He dabbled in professional golf and amateur boxing and was a flamboyant, bigger-than-life character with a lifetime of stories of brushes with great athletes and celebrities from many walks of life.

The Hawk is also a baseball fan.

And not a very happy one these days.

Baseball has come to a halt because of an owners lockout and their failure to reach a collective-bargaining agreement with the players’ union, canceling the first two series of the season.

He’s like a lot of us. He’s perplexed by it all. And he’s angry.

“I’ll tell you what, it’s hard for me to understand, it really is,” Harrelson told the Sun-Times, speaking from his winter home in Orlando, Florida, by telephone this week.

“When I broke in, the minimum salary was $6,000. What is it now, $700,000?”

Harrelson chuckles at the number.

“I guess it’s what the market will bear,” he said.

At 80, Harrelson has a passion and love for his Sox that’s as strong as ever. With the team primed for another season of contending for a World Series, his level of anticipation for the season is as high as it gets. Or was.

“I’m just going to sit back, strap it down and see what goes on,” he said. “I know one thing, it’s going to cost us some fans. There is no doubt about that. As long as I’ve been in the game — I love the game — but I’m [ticked off]. I really am.”

Dadgummit!

“You ask what side I’m on, I’m on the side of the fans,” he said. “It seems to me there certainly can be a compromise that can be reached.
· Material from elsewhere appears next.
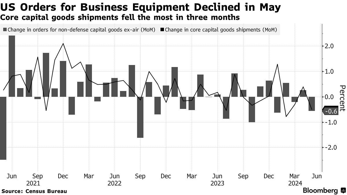 美国企业也全方位感受到了借贷成本上升的压力。周四公布的数据显示,5月份的核心资本货物订单值创下今年以来的最大降幅。核心资本货物订单一般来说是指除飞机和军事硬件外的设备投资规模。

I’m not sitting in the room, but it just seems unnecessary.”

It seemed a good time to check in on Harrelson, who sat alongside Sox fans for 33 of his 42 seasons in the booth, cheering with them through many of the franchise’s greatest moments. Three seasons removed from his last one in 2018, Harrelson is well, thank you, but he navigates life at more moderate speeds.

“I’ve got a pacemaker that really helped, but I just don’t have a lot of energy yet,” he said. “I haven’t played golf in two years. My right wrist is bad — too many strikeouts, too many fat sand wedges. I’ve been to the best [doctors] in the country, and they all say exactly the same thing: You just wore them out.
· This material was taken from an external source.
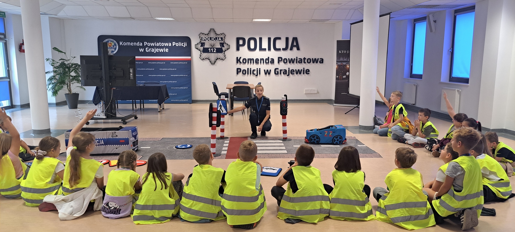 22 września, korzystając z ostatniego dnia lata, uczniowie klasy II a odwiedzili Komendę Powiatową Policji w Grajewie. Celem tej wizyty było poznanie pracy policjantów oraz utrwalenie zasad bezpieczeństwa.

“I swung the heaviest bat in the American League, a 40-ounce bat. You check that swing up and swing and miss over the years, it’s going to take its toll.”

A photo of Harrelson swinging a bat in a Cleveland uniform gives a hint of how he did that.

“I’ve had people tell me that’s the only photo they’ve seen with the bat bending,’’ he said. ‘‘It’s the only one I’ve ever seen with the bat bending. And I believe it’s of a home run they measured at 503 feet.”

These days, Harrelson spends more and more time reflecting on a life he says he’s extremely grateful for. Many of his afternoons are spent at home on the 17th hole at Bay Hill Golf Club, which is hosting the Arnold Palmer Invitational this weekend.

“So I’ll just sit here and have a couple of Smirnoff and tonics and watch a lot of the guys come through on the 17th hole,” he said. “I’ve lost enough money on that tough par-3 to build this house.”

Since he was inducted into the Hall of Fame last summer as the winner of the Ford C. Frick Award for Excellence in Broadcasting, Harrelson has noticed an uptick in his fan mail.

“It’s amazing; it keeps pouring in,” he said. “I’m enjoying it, mainly for my family.”

For whom he is especially grateful. As he talks, he says he is looking at a picture of -Jesus and counting his blessings.

“I count them every day,” he said. “Every day. First thing I do every morning.”

There is much to be thankful for.

“I had a great mom, and that saved my life,” he said. “My beautiful wife, Aris, married almost 50 years, that saved my life. I’ve had a lot of help along the way, and I really appreciate that. I thank the good Lord every day for what he’s given me. I can’t imagine anybody having a better life than I’ve had.”

Put this on the board: More White Sox baseball would only make it better.